= P-space =

Topological space

In the mathematical field of topology, there are various notions of a P-space and of a p-space.

==Generic use==

The expression P-space might be used generically to denote a topological space satisfying some given and previously introduced topological invariant P. This might apply also to spaces of a different kind, i.e. non-topological spaces with additional structure.

==P-spaces in the sense of Gillman–Henriksen==

A P-space in the sense of Gillman–Henriksen is a topological space in which every countable intersection of open sets is open. An equivalent condition is that countable unions of closed sets are closed. In other words, G_{δ} sets are open and F_{σ} sets are closed. The letter P stands for both pseudo-discrete and prime. Gillman and Henriksen also define a P-point as a point at which any prime ideal of the ring of real-valued continuous functions is maximal, and a P-space is a space in which every point is a P-point.

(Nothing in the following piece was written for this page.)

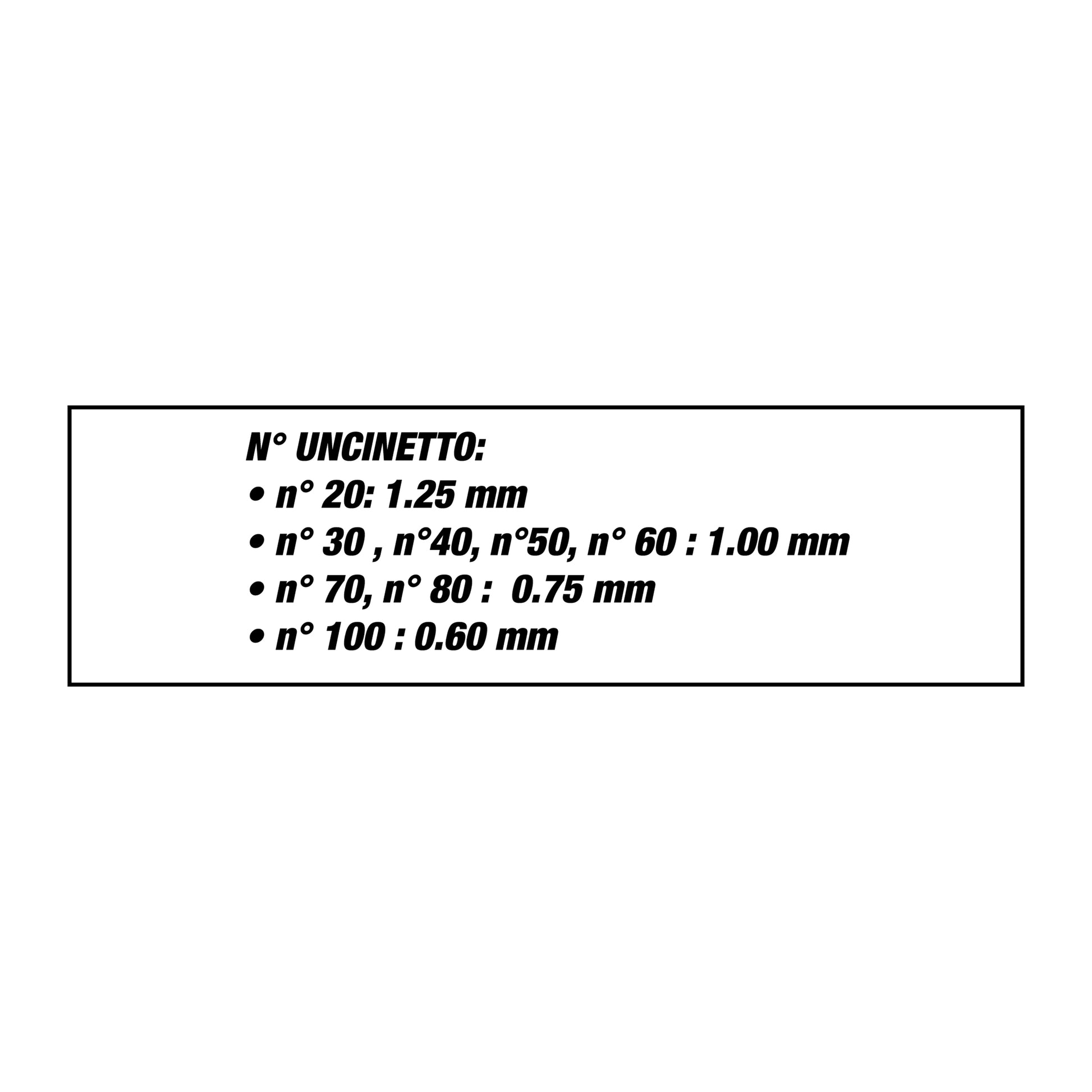 - Indicazioni generali: Gros. 20 - 20 g / 160 m Uncinetto n.1,25 mm Gros. 30 - 20 g / 190 m Uncinetto n.1 mm Gros. 40 - 20 g / 233 m Uncinetto n.1 mm Gros. 50 - 20 g / 266 m Uncinetto n.1 mm Gros. 60 - 20 g / 300 m Uncinetto n.1 mm Gros. 70 - 20 g / 330 m Uncinetto n.0,75 mm Gros. 80 - 20 g / 366 m Uncinetto n.0,75 mm Gros. 100 - 20 g / 366 m Uncinetto n.0,75 mm

Different authors restrict their attention to topological spaces that satisfy various separation axioms. With the right axioms, one may characterize P-spaces in terms of their rings of continuous real-valued functions.

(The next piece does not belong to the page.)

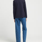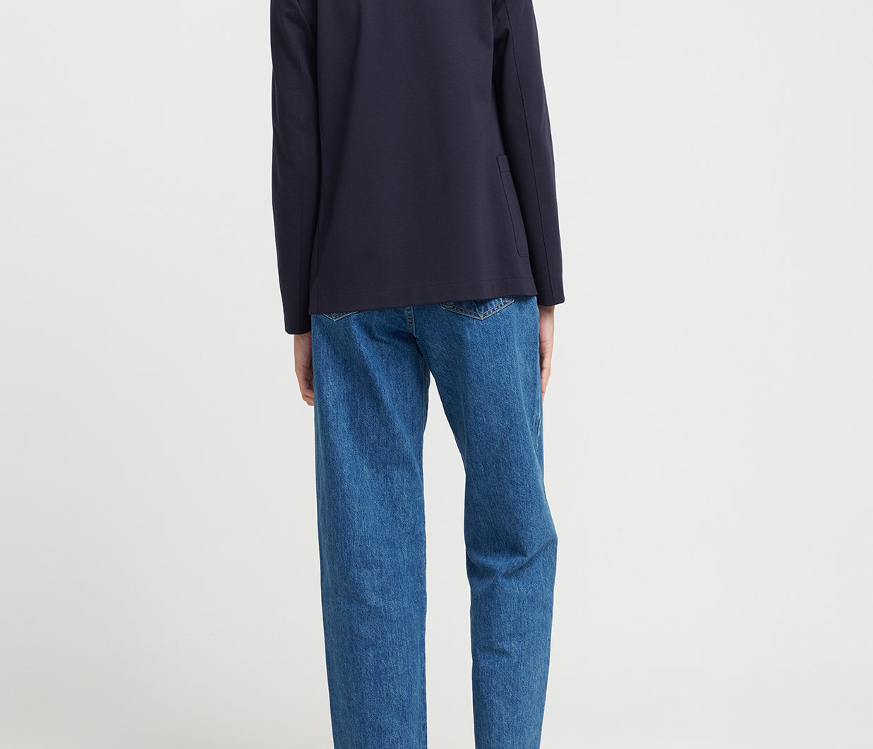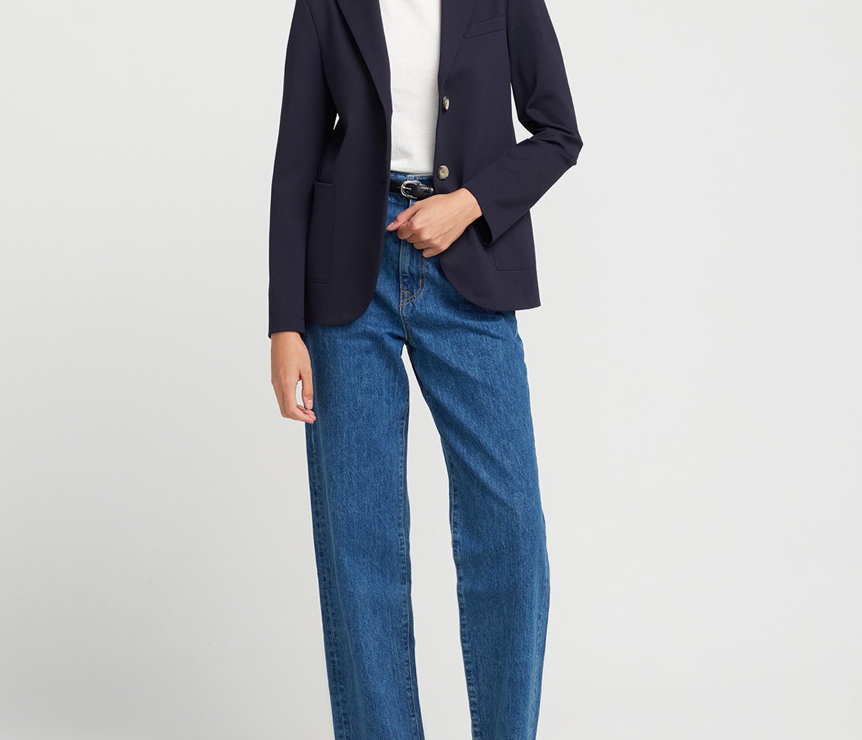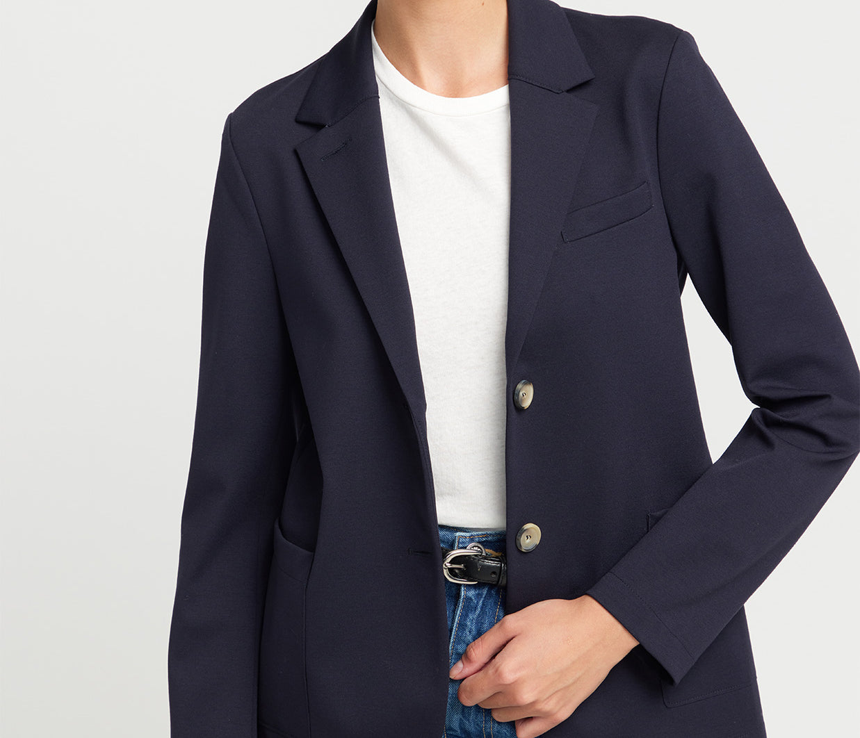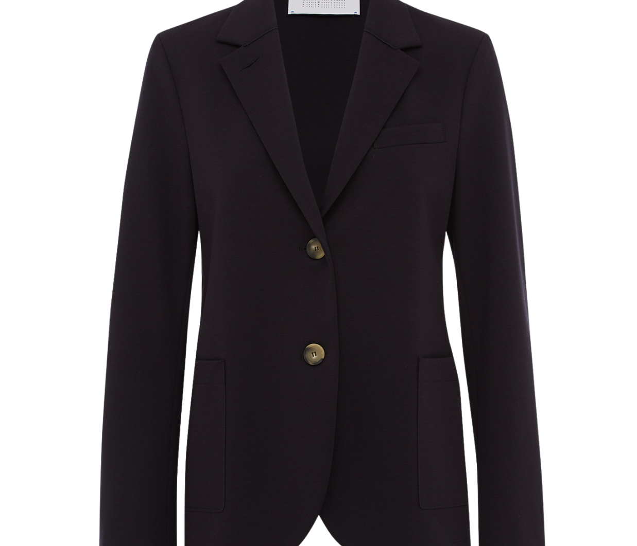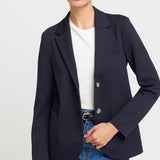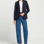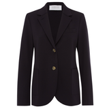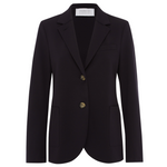 This single-breasted blazer by HARRIS WHARF LONDON is crafted from navy blue viscose and features a round cut, notched lapels, and a front button fastening. With long sleeves and a curved hem, it offers a clean finish. Made in Italy with Italian fabric.

Special kinds of P-spaces include Alexandrov-discrete spaces, in which arbitrary intersections of open sets are open. These in turn include locally finite spaces, which include finite spaces and discrete spaces.

==P-spaces in the sense of Morita==

A different notion of a P-space has been introduced by Kiiti Morita in 1964, in connection with his (now solved) conjectures (see the relevant entry for more information). Spaces satisfying the covering property introduced by Morita are sometimes also called Morita P-spaces or normal P-spaces.

==p-spaces==

A notion of a p-space has been introduced by Alexander Arhangelskii.